[What to do]: Exactly as they appear, output all of the records. Skip any images.

.....

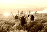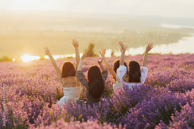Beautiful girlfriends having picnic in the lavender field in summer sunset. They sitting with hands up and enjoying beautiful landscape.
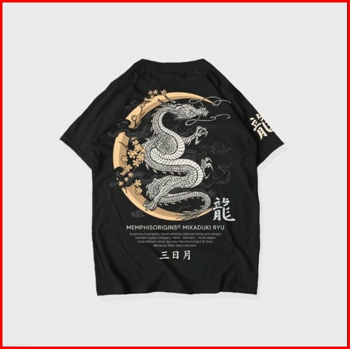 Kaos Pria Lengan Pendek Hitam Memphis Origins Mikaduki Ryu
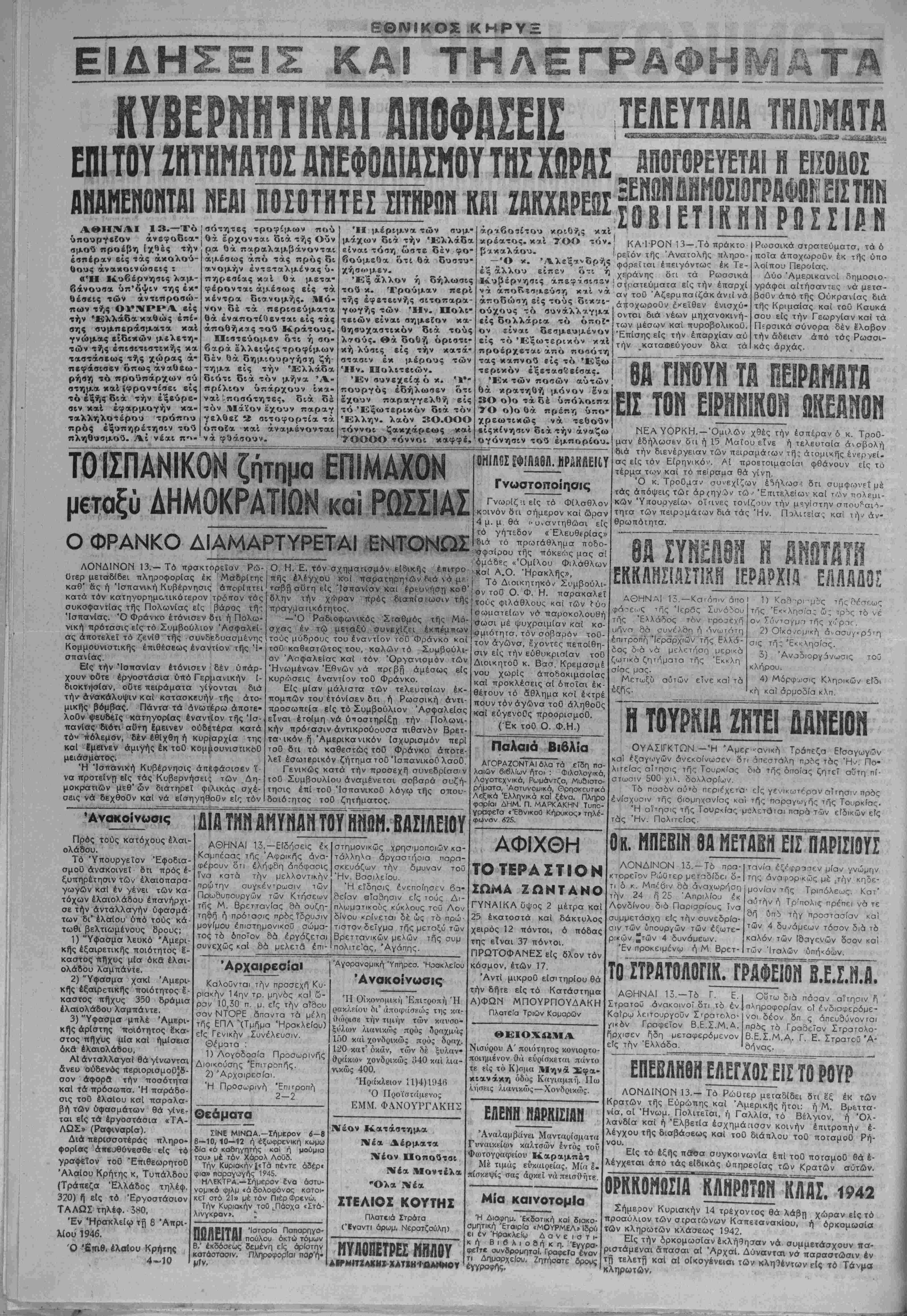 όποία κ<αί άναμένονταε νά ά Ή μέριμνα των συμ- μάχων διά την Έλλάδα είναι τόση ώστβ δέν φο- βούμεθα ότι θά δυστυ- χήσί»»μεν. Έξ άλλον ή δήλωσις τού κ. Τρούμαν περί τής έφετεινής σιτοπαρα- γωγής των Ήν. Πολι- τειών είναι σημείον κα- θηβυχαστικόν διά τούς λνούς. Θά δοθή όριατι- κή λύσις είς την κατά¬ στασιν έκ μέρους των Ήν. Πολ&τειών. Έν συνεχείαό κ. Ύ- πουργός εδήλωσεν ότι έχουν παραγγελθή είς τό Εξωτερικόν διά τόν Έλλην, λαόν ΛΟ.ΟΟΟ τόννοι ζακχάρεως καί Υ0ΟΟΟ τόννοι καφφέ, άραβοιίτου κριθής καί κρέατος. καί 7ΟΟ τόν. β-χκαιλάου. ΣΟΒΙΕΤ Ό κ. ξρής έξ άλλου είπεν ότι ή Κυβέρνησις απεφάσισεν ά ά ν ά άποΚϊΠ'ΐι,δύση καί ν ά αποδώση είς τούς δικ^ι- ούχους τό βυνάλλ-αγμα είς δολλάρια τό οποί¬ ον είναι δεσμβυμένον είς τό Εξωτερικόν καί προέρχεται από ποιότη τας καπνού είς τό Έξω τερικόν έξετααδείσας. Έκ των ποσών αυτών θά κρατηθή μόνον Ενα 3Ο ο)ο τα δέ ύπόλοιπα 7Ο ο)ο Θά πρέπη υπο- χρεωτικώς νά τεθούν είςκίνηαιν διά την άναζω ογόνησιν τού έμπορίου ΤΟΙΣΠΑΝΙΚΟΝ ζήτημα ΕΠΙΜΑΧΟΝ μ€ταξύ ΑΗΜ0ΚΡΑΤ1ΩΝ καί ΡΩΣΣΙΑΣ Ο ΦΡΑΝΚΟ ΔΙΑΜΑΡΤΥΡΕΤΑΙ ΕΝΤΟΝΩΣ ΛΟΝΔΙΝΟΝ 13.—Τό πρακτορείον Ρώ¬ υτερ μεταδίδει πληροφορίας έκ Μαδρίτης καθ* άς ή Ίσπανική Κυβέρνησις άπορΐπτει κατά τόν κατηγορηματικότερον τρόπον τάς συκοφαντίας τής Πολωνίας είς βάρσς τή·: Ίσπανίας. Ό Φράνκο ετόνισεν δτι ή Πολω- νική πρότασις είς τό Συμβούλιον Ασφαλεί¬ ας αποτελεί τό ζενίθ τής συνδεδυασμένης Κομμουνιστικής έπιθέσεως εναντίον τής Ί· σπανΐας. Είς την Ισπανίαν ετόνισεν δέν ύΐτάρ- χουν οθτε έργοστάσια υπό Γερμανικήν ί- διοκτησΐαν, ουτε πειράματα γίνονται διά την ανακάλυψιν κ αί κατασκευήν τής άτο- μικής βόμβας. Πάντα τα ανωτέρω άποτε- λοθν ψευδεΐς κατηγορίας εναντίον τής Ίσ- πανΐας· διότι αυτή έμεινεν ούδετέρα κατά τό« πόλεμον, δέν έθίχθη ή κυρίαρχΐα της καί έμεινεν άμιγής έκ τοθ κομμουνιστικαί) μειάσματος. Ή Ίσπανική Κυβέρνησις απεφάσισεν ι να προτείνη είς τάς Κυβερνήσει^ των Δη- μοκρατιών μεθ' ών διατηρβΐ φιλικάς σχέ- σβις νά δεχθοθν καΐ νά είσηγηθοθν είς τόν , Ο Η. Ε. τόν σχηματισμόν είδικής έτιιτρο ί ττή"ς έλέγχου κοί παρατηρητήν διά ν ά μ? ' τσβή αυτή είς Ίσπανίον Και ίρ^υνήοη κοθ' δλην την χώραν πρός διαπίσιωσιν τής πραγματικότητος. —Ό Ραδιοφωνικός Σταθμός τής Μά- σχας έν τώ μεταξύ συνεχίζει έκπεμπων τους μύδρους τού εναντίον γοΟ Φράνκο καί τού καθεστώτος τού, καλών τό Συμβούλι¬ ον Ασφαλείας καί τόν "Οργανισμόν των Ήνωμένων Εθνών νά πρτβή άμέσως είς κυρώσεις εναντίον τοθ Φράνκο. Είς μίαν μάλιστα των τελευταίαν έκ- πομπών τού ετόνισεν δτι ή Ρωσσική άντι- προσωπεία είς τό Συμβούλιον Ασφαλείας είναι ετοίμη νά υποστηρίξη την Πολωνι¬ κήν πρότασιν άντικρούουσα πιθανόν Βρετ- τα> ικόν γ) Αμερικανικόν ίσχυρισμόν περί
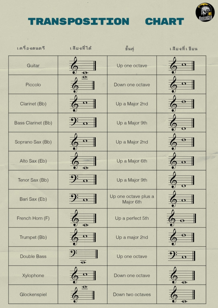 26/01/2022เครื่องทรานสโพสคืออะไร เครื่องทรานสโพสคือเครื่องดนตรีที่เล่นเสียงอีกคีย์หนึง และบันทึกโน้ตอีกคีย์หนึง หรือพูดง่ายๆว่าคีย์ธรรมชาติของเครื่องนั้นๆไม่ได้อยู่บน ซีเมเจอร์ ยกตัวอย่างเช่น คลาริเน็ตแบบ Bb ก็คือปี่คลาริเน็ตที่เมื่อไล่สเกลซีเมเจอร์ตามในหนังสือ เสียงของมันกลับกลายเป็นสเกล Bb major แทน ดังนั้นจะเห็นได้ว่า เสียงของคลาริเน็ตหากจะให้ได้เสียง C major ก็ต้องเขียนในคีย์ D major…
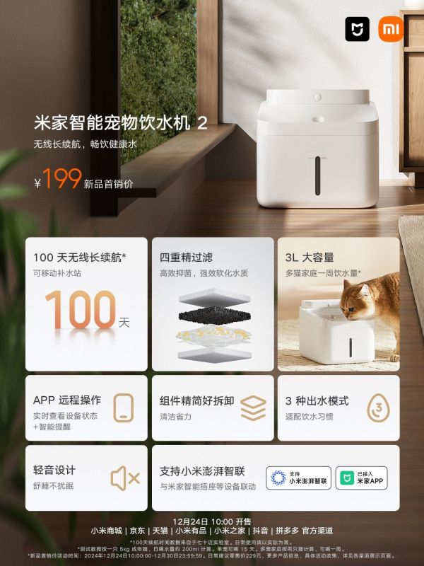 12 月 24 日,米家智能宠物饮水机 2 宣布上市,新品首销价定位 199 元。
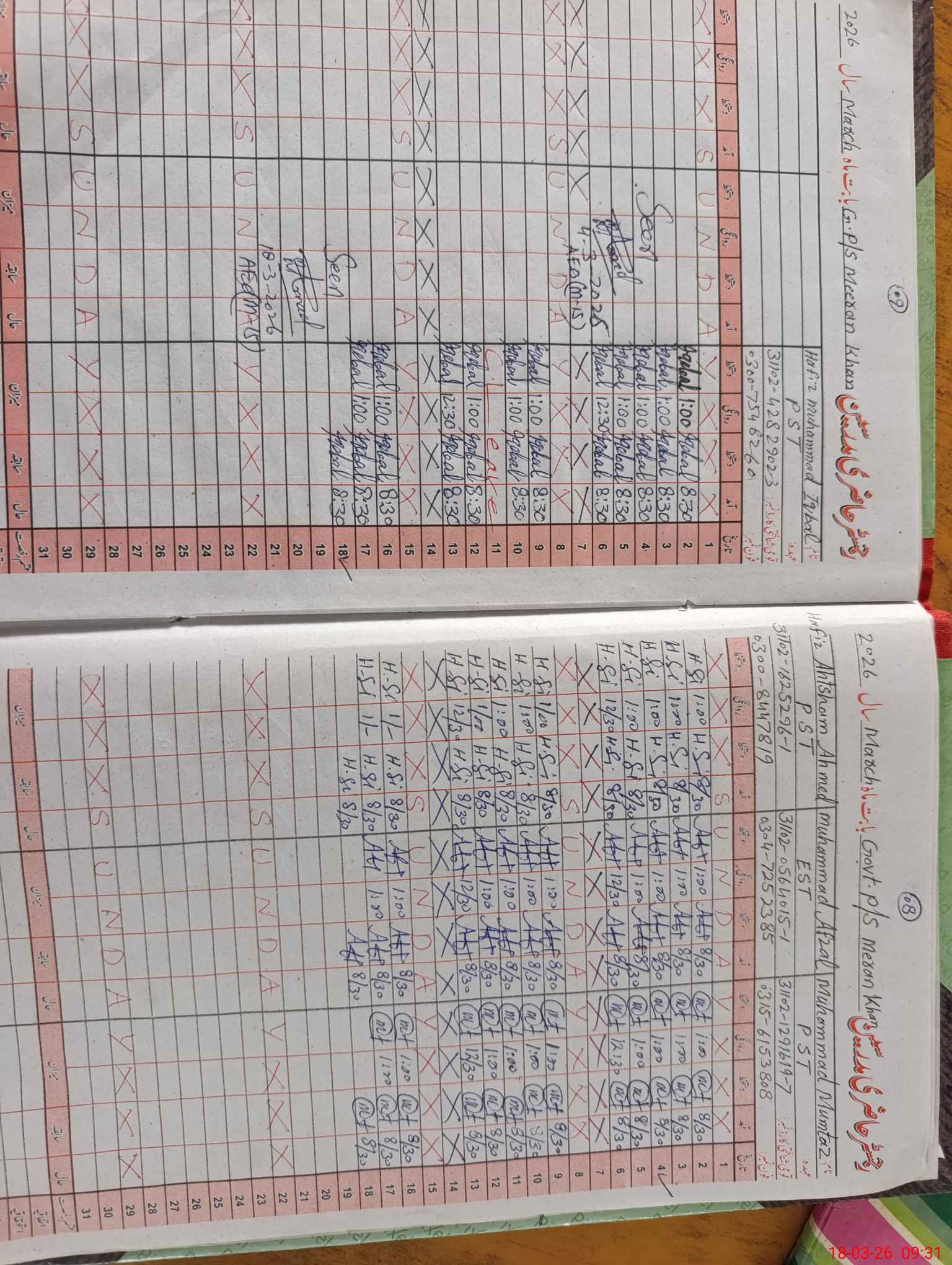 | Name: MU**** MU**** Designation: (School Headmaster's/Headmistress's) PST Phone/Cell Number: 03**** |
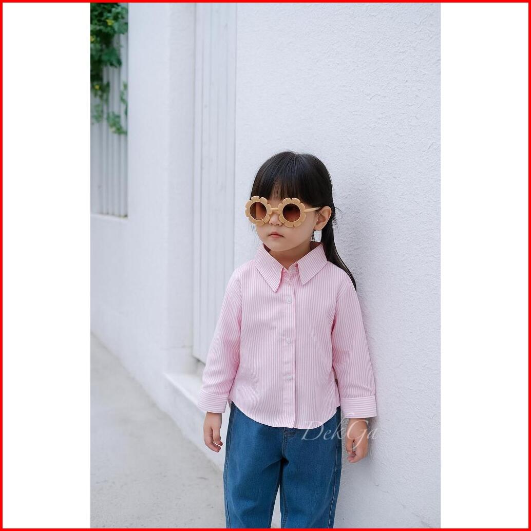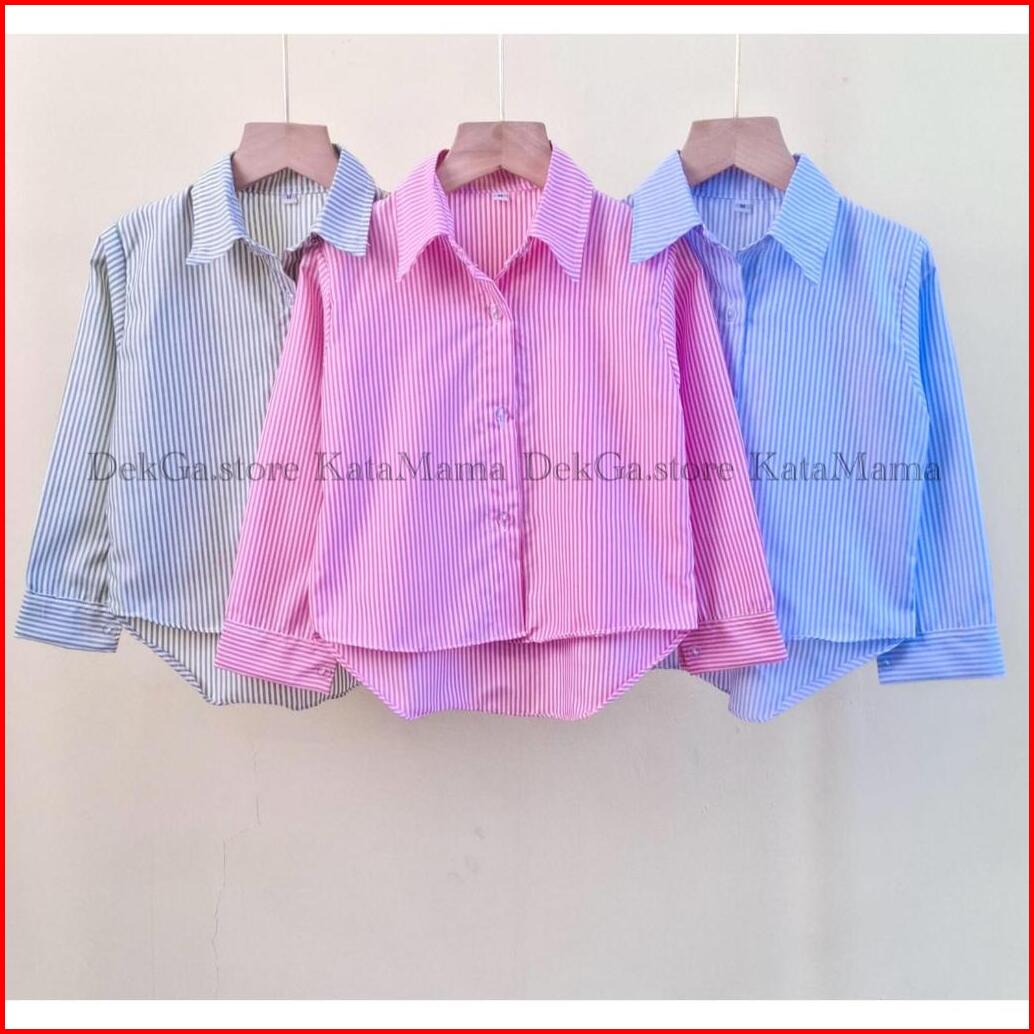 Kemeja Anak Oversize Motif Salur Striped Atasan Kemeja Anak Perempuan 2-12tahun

.....

[Result of the task]:
Beautiful girlfriends having picnic in the lavender field in summer sunset. They sitting with hands up and enjoying beautiful landscape.
 Kaos Pria Lengan Pendek Hitam Memphis Origins Mikaduki Ryu
 όποία κ<αί άναμένονταε νά ά Ή μέριμνα των συμ- μάχων διά την Έλλάδα είναι τόση ώστβ δέν φο- βούμεθα ότι θά δυστυ- χήσί»»μεν. Έξ άλλον ή δήλωσις τού κ. Τρούμαν περί τής έφετεινής σιτοπαρα- γωγής των Ήν. Πολι- τειών είναι σημείον κα- θηβυχαστικόν διά τούς λνούς. Θά δοθή όριατι- κή λύσις είς την κατά¬ στασιν έκ μέρους των Ήν. Πολ&τειών. Έν συνεχείαό κ. Ύ- πουργός εδήλωσεν ότι έχουν παραγγελθή είς τό Εξωτερικόν διά τόν Έλλην, λαόν ΛΟ.ΟΟΟ τόννοι ζακχάρεως καί Υ0ΟΟΟ τόννοι καφφέ, άραβοιίτου κριθής καί κρέατος. καί 7ΟΟ τόν. β-χκαιλάου. ΣΟΒΙΕΤ Ό κ. ξρής έξ άλλου είπεν ότι ή Κυβέρνησις απεφάσισεν ά ά ν ά άποΚϊΠ'ΐι,δύση καί ν ά αποδώση είς τούς δικ^ι- ούχους τό βυνάλλ-αγμα είς δολλάρια τό οποί¬ ον είναι δεσμβυμένον είς τό Εξωτερικόν καί προέρχεται από ποιότη τας καπνού είς τό Έξω τερικόν έξετααδείσας. Έκ των ποσών αυτών θά κρατηθή μόνον Ενα 3Ο ο)ο τα δέ ύπόλοιπα 7Ο ο)ο Θά πρέπη υπο- χρεωτικώς νά τεθούν είςκίνηαιν διά την άναζω ογόνησιν τού έμπορίου ΤΟΙΣΠΑΝΙΚΟΝ ζήτημα ΕΠΙΜΑΧΟΝ μ€ταξύ ΑΗΜ0ΚΡΑΤ1ΩΝ καί ΡΩΣΣΙΑΣ Ο ΦΡΑΝΚΟ ΔΙΑΜΑΡΤΥΡΕΤΑΙ ΕΝΤΟΝΩΣ ΛΟΝΔΙΝΟΝ 13.—Τό πρακτορείον Ρώ¬ υτερ μεταδίδει πληροφορίας έκ Μαδρίτης καθ* άς ή Ίσπανική Κυβέρνησις άπορΐπτει κατά τόν κατηγορηματικότερον τρόπον τάς συκοφαντίας τής Πολωνίας είς βάρσς τή·: Ίσπανίας. Ό Φράνκο ετόνισεν δτι ή Πολω- νική πρότασις είς τό Συμβούλιον Ασφαλεί¬ ας αποτελεί τό ζενίθ τής συνδεδυασμένης Κομμουνιστικής έπιθέσεως εναντίον τής Ί· σπανΐας. Είς την Ισπανίαν ετόνισεν δέν ύΐτάρ- χουν οθτε έργοστάσια υπό Γερμανικήν ί- διοκτησΐαν, ουτε πειράματα γίνονται διά την ανακάλυψιν κ αί κατασκευήν τής άτο- μικής βόμβας. Πάντα τα ανωτέρω άποτε- λοθν ψευδεΐς κατηγορίας εναντίον τής Ίσ- πανΐας· διότι αυτή έμεινεν ούδετέρα κατά τό« πόλεμον, δέν έθίχθη ή κυρίαρχΐα της καί έμεινεν άμιγής έκ τοθ κομμουνιστικαί) μειάσματος. Ή Ίσπανική Κυβέρνησις απεφάσισεν ι να προτείνη είς τάς Κυβερνήσει^ των Δη- μοκρατιών μεθ' ών διατηρβΐ φιλικάς σχέ- σβις νά δεχθοθν καΐ νά είσηγηθοθν είς τόν , Ο Η. Ε. τόν σχηματισμόν είδικής έτιιτρο ί ττή"ς έλέγχου κοί παρατηρητήν διά ν ά μ? ' τσβή αυτή είς Ίσπανίον Και ίρ^υνήοη κοθ' δλην την χώραν πρός διαπίσιωσιν τής πραγματικότητος. —Ό Ραδιοφωνικός Σταθμός τής Μά- σχας έν τώ μεταξύ συνεχίζει έκπεμπων τους μύδρους τού εναντίον γοΟ Φράνκο καί τού καθεστώτος τού, καλών τό Συμβούλι¬ ον Ασφαλείας καί τόν "Οργανισμόν των Ήνωμένων Εθνών νά πρτβή άμέσως είς κυρώσεις εναντίον τοθ Φράνκο. Είς μίαν μάλιστα των τελευταίαν έκ- πομπών τού ετόνισεν δτι ή Ρωσσική άντι- προσωπεία είς τό Συμβούλιον Ασφαλείας είναι ετοίμη νά υποστηρίξη την Πολωνι¬ κήν πρότασιν άντικρούουσα πιθανόν Βρετ- τα> ικόν γ) Αμερικανικόν ίσχυρισμόν περί
 26/01/2022เครื่องทรานสโพสคืออะไร เครื่องทรานสโพสคือเครื่องดนตรีที่เล่นเสียงอีกคีย์หนึง และบันทึกโน้ตอีกคีย์หนึง หรือพูดง่ายๆว่าคีย์ธรรมชาติของเครื่องนั้นๆไม่ได้อยู่บน ซีเมเจอร์ ยกตัวอย่างเช่น คลาริเน็ตแบบ Bb ก็คือปี่คลาริเน็ตที่เมื่อไล่สเกลซีเมเจอร์ตามในหนังสือ เสียงของมันกลับกลายเป็นสเกล Bb major แทน ดังนั้นจะเห็นได้ว่า เสียงของคลาริเน็ตหากจะให้ได้เสียง C major ก็ต้องเขียนในคีย์ D major…
 12 月 24 日,米家智能宠物饮水机 2 宣布上市,新品首销价定位 199 元。
 | Name: MU**** MU**** Designation: (School Headmaster's/Headmistress's) PST Phone/Cell Number: 03**** |
 Kemeja Anak Oversize Motif Salur Striped Atasan Kemeja Anak Perempuan 2-12tahun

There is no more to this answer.